We deal with No Win – No Fee injury claims against landlords on a nationwide basis.
Here is a case study of one such claim where a tenant was injured due to property disrepair whilst innocently making a cup of tea:
Our client (who for confidentiality reasons we shall call ‘Miss V’) was a tenant at a property owned by the Defendant. An accident occurred when she was boiling a kettle in the kitchen at the property. Suddenly and without any warning the kitchen cupboards fell off the wall, hitting Miss V on her left shoulder. The injuries weren’t severe but they were painful and caused bruising, cuts and muscular problems.
We agreed to take on the case under a No Win – No Fee funding arrangement. A letter of claim was sent to the Landlord and the his letting agents. We alleged fault due to negligence. We also alleged breach of statutory duty by the Landlord under:
1. the Landlord and Tenant Act 1985 and
2. the Defective Premises Act 1972.
Miss V provided a document from the Environmental Health Department, which clearly showed that the Landlord was on notice that the property was in disrepair prior to the accident. Nevertheless, liability for the accident was denied.
The Landlord’s solicitors advised that the letting agents had stated they did not have any record of the accident occuring. There were two witnesses who initially confirmed their willingness to provide statements on behalf of Miss V. However, due to lack of response, it became clear this would not be an option so we had to take a different approach to the claim.
A witness statement was taken from Miss V and her medical records were obtained. As the Landlord was unwilling to consider an out of court settlement we decided to get court proceedings underway. A Claim Form was lodged at court and the legal claim was issued.
Due to the denial of liability a specialist barrister was instructed to consider liability and evidence and to draft the Particulars of Claim. The barrister shared our view that the claim was a valid one and that the Defendant would be held liable.
A Consultant Orthopaedic and Trauma Surgeon was also instructed to prepare a medical report on Miss V’s injuries.
The Landlord filed his Defence maintaining his denial of liability. Accordingly, Directions Questionnaires had to be prepared for the court action.
We looked at what had caused the shelves to fall down and highlighted a problem regarding damp and water ingress in the kitchen wall and we sought guidance from experts in this field.
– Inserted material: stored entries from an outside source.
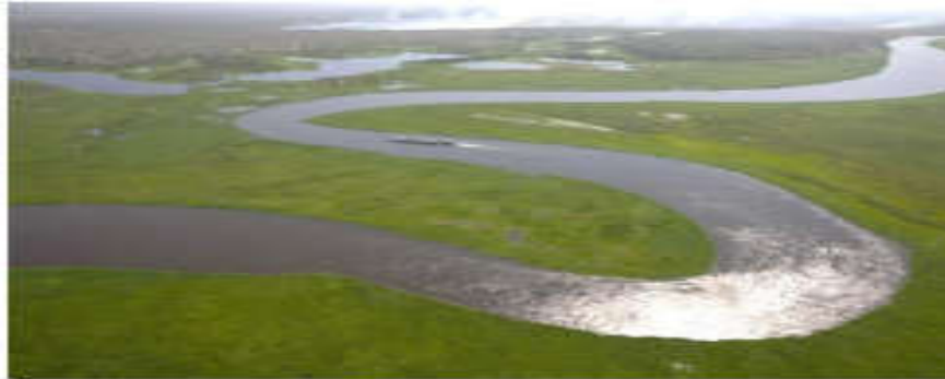
Figure 8: Show White Nile in South Sudan

Moruland pouring its water into the Sudd; and Atepi River originates from Kinyeti hills near Lobone in Eastern Equatoria and flows through Palwar, Pajok and Owinykibul before joining Aswa River at Aswa village, about 600m east of Aswa bridge on Juba Nimule Highway. Nevertheless, it is also involve Unyama River which originates from Northern Uganda and enters into South Sudan through the Nimule border in Eastern Equatoria state and joins the River Nile at Western part of Nimule. The country also have Seasonal Rivers such as Luri River and this river originates from Lainya hills in central Equatoria state and flows Northeastwards before joining the Nile River. Ibba River originates from Democratic Republic of Congo (DRC) boarder and flows Northwards into East of Yambio town, towards Tonj and enters Jue/Sue in western Bahr el Ghazal in South Sudan also involve Ayii River which originates from Lotii Mountain Ranges (Greenland Lotii) in Obbo, Eastern Equatoria state and flows through Obbo, Magwi, Panyikwara and Owing kibil before joining the Nile River. Hereafter, other river is Kimoru River that originates from Imurok hills near Torit, Eastern Equatoria state and flows through Magwi where it joins Ayii River. Singata River originates from Didinga hills in Eastern Equatoria and flows through Kapoeta into the Western plain.
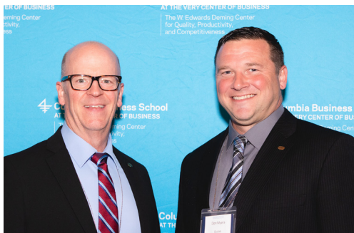
Guests from Ecolab
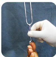
Tuning fork vibration testing (1)
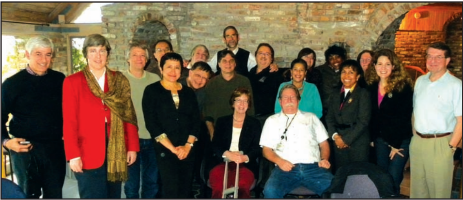
I-House Board members gathered with senior staff off-site in February to discuss strategic imperatives for the future of International House, Berkeley.

mission effectively and with efficiency." Two major themes of the plan focus on refining customer service while enhancing the quality of the I-House experience for residents and guests, as well as evaluating ways to operate with greater efficiency in using resources, including staff and time. The fall I-House Times will provide an update on the final plan and related actions.
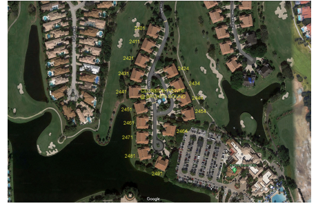
Built in 1987/1991 - 60 units - 2 floors

Broken Sound Master Association Address: 2701 NW 64th Blvd, Boca Raton, FL 33496 Phone: +1 561-998-5813
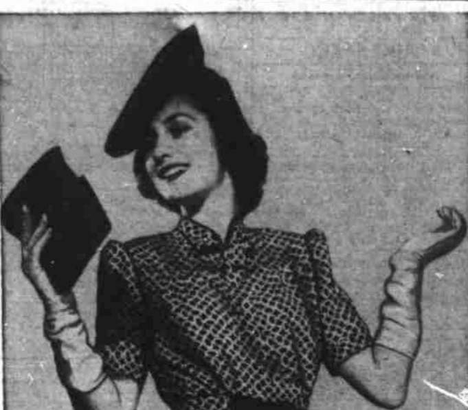
A 1940 VERSION—The shirtwaist dress—done this time with the season's softer look. It's made of silk crepe, printed in a neat blue and white pattern and finished with a belt buckle of navy blue leather.
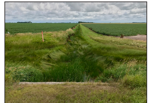
Left: A couple of miles south of the Clay-Wilkin county line in Wolverton Township, narrow buffers are visible in the upstream (east) view of Wolverton Creek. Middle: At a future buffer site, drowned-out crops border the stream channel. Right: Tall grass nearly obscures Wolverton Creek at Wilkin County Rod 3/170th Avenue in Mitchell Township, where the creek cuts a thin line between fields.
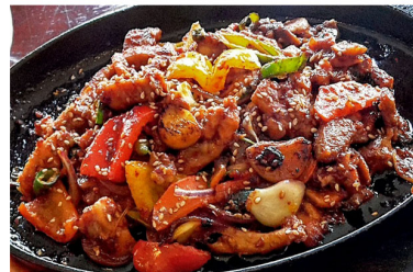
★ BEST TERIYAKI DAKGALBI BOKEUM TERIYAKI SHRIMP BOKEUM 데리야끼 닭갈비 마늘 볶음 / 데리야끼 새우 마늘 볶음 TERIYAKI BONELESS CHICKEN with GARLIC & VEG ... 65 PRAWN ... 70
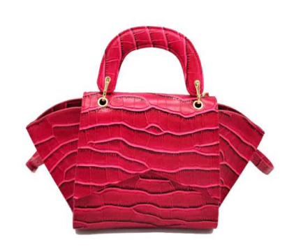
MODEL:SW-B535 SIZE:LWH-32X11X17 cm
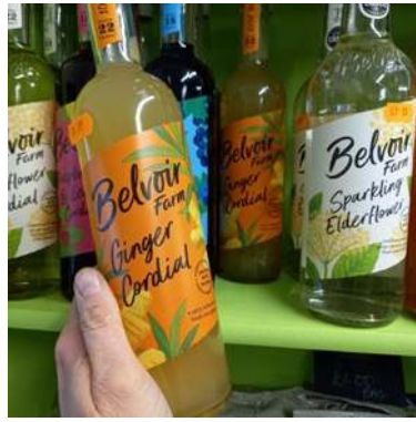
Belvoir Ginger Cordial
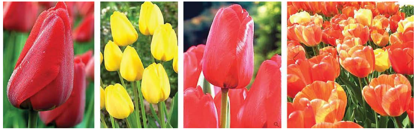
Sherrie has planted (above, I to right) 'Red Parade,' 'Golden Parade,' 'General Eisenhower' and 'Gudoshnik.' (*All file photos).

101 Sherbrook Circle • Conroe, Tx 77385-7750 (936) 321-6990 Metro • (936) 273-1200 Conroe

In order to narrow the legal and factual issues in dispute the Landlord was asked to summarise the exact Defence he would be seeking to rely in view of:
1. the provisions of section 4 of the Defective Premises Act and
2. the agency contract between the Landlord and his letting agent, which clearly stated “the Landlord is responsible for the repair and upkeep of the property”.
In the meantime, Miss V’s witness statement was served on the Landlord and filed with the court, together with the Schedule of Loss in readiness for the Trial.
Fortunately the Landlord saw sense at the 11th hour and made a Part 36 Offer to settle Miss V’s claim.
Miss V decided to accept the offer and the case was therefore concluded without the need for an expensive trial.
This case highlights the fact that even when there is a denial of liability from a Landlord and the case looks destined for trial a claim can still be settled on a positive note with the Claimant receiving adequate compensation.
It’s a pity that the Landlord in this case didn’t make his offer at an earlier stage. By delaying as he did he caused significant legal costs to be incurred which turned out to be quite unnecessary. Regrettably this approach is all too common, especially among insurance companies who seem to think that if they defend a case the claimant will simply give up and go away. It is therefore important for claimants to choose their legal representative carefully and appoint a lawyer who is prepared to fight all the way to trial if necessary.